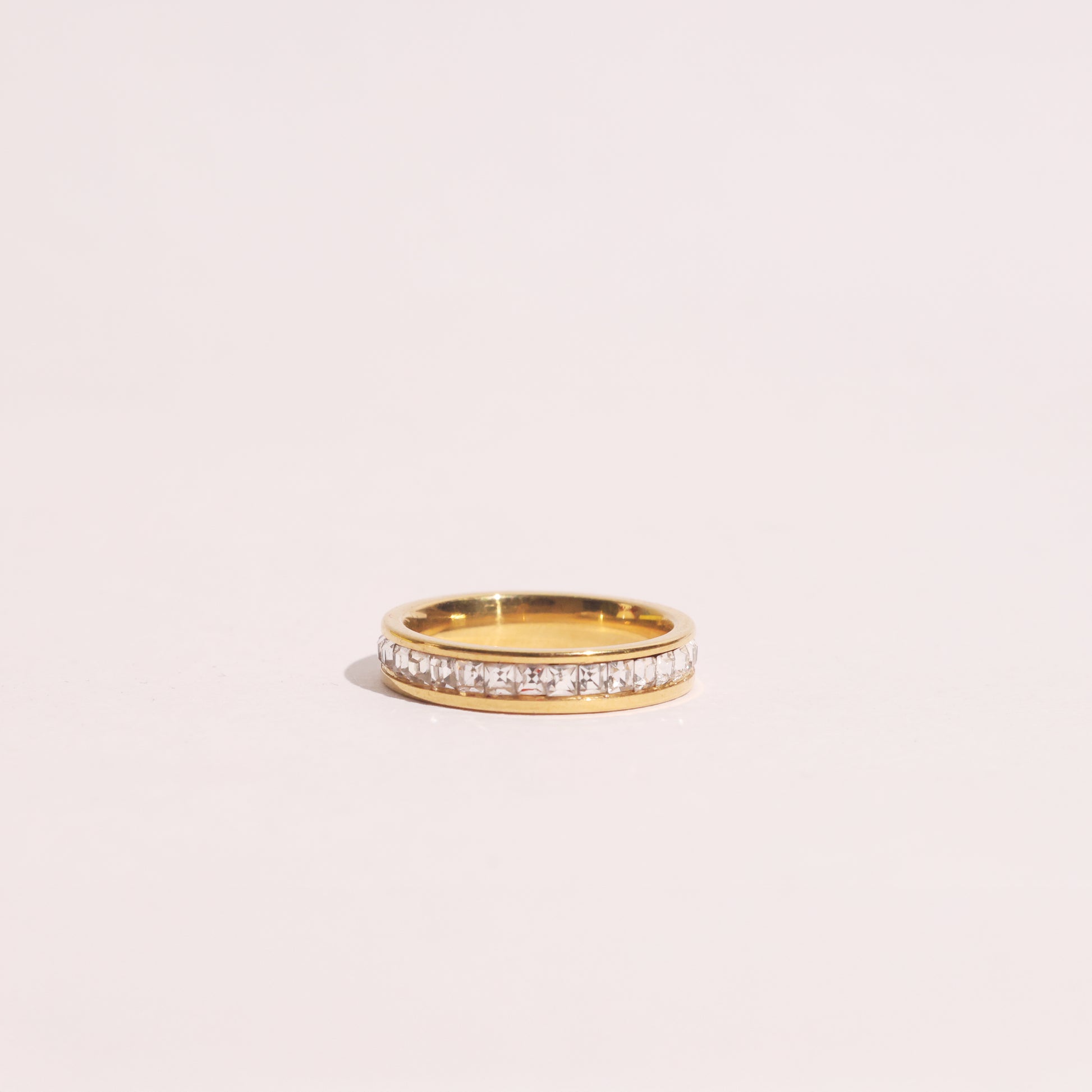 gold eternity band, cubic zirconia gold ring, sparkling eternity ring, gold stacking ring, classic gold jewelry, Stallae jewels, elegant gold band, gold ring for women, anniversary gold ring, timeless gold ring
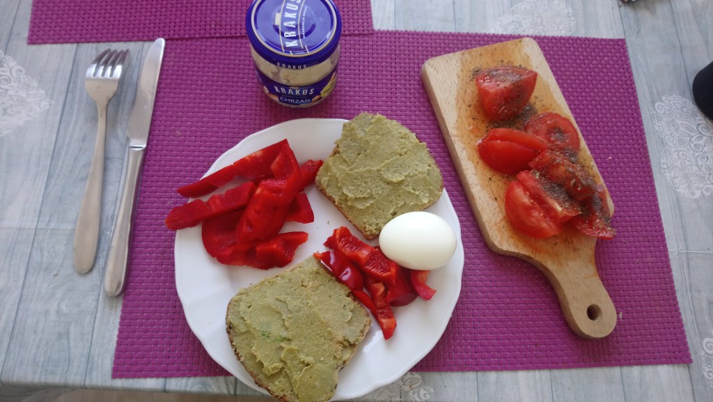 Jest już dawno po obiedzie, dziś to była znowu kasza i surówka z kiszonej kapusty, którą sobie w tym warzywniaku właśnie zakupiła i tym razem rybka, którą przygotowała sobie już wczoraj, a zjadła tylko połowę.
* * *
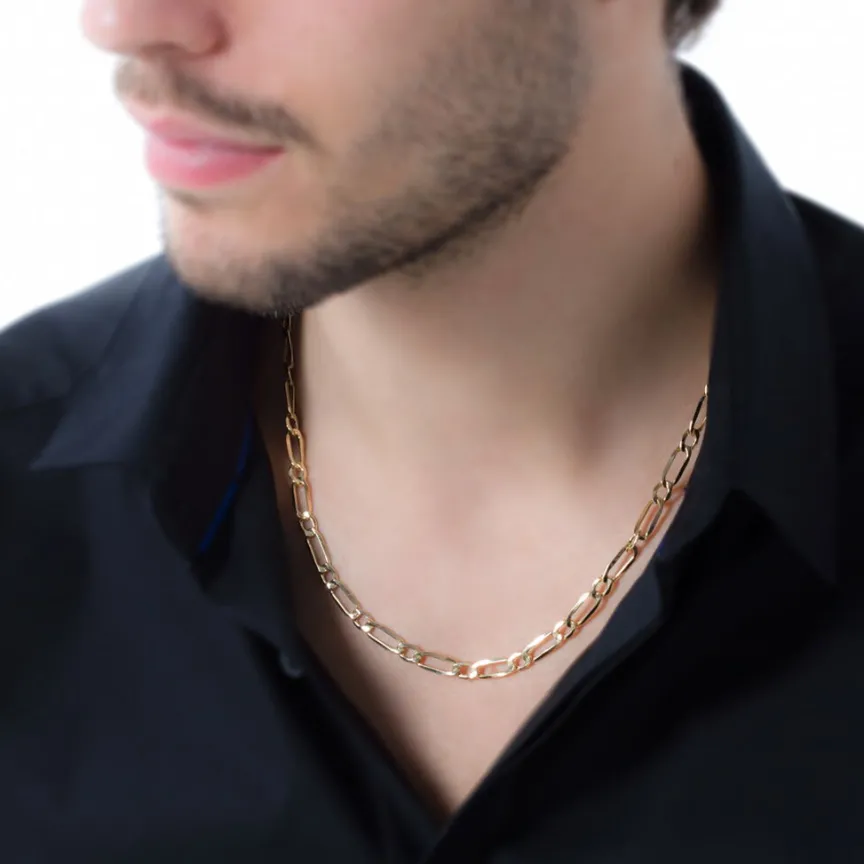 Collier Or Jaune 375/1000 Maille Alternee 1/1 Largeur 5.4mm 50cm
...
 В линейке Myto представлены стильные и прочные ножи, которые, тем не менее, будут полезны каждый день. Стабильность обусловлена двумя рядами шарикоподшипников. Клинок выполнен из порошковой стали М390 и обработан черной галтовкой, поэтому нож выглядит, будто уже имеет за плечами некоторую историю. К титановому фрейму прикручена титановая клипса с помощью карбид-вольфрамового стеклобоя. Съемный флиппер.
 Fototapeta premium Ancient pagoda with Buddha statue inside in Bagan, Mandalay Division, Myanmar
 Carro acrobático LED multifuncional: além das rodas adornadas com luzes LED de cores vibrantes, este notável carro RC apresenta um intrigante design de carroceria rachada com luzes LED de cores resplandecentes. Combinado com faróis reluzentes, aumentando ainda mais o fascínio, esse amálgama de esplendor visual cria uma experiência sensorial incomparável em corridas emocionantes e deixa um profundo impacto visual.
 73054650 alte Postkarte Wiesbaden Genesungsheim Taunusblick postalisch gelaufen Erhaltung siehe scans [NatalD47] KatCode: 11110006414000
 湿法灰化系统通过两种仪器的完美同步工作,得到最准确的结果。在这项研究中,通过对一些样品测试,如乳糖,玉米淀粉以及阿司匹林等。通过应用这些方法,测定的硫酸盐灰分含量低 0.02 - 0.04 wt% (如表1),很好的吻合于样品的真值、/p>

WORK TO COMPLETE: In the data above, take the line with "gold eternity band, cubic", the line with "Jest już dawno", and every line between, and set them down exactly without pictures.

WORKED SOLUTION:
 gold eternity band, cubic zirconia gold ring, sparkling eternity ring, gold stacking ring, classic gold jewelry, Stallae jewels, elegant gold band, gold ring for women, anniversary gold ring, timeless gold ring
 Jest już dawno po obiedzie, dziś to była znowu kasza i surówka z kiszonej kapusty, którą sobie w tym warzywniaku właśnie zakupiła i tym razem rybka, którą przygotowała sobie już wczoraj, a zjadła tylko połowę.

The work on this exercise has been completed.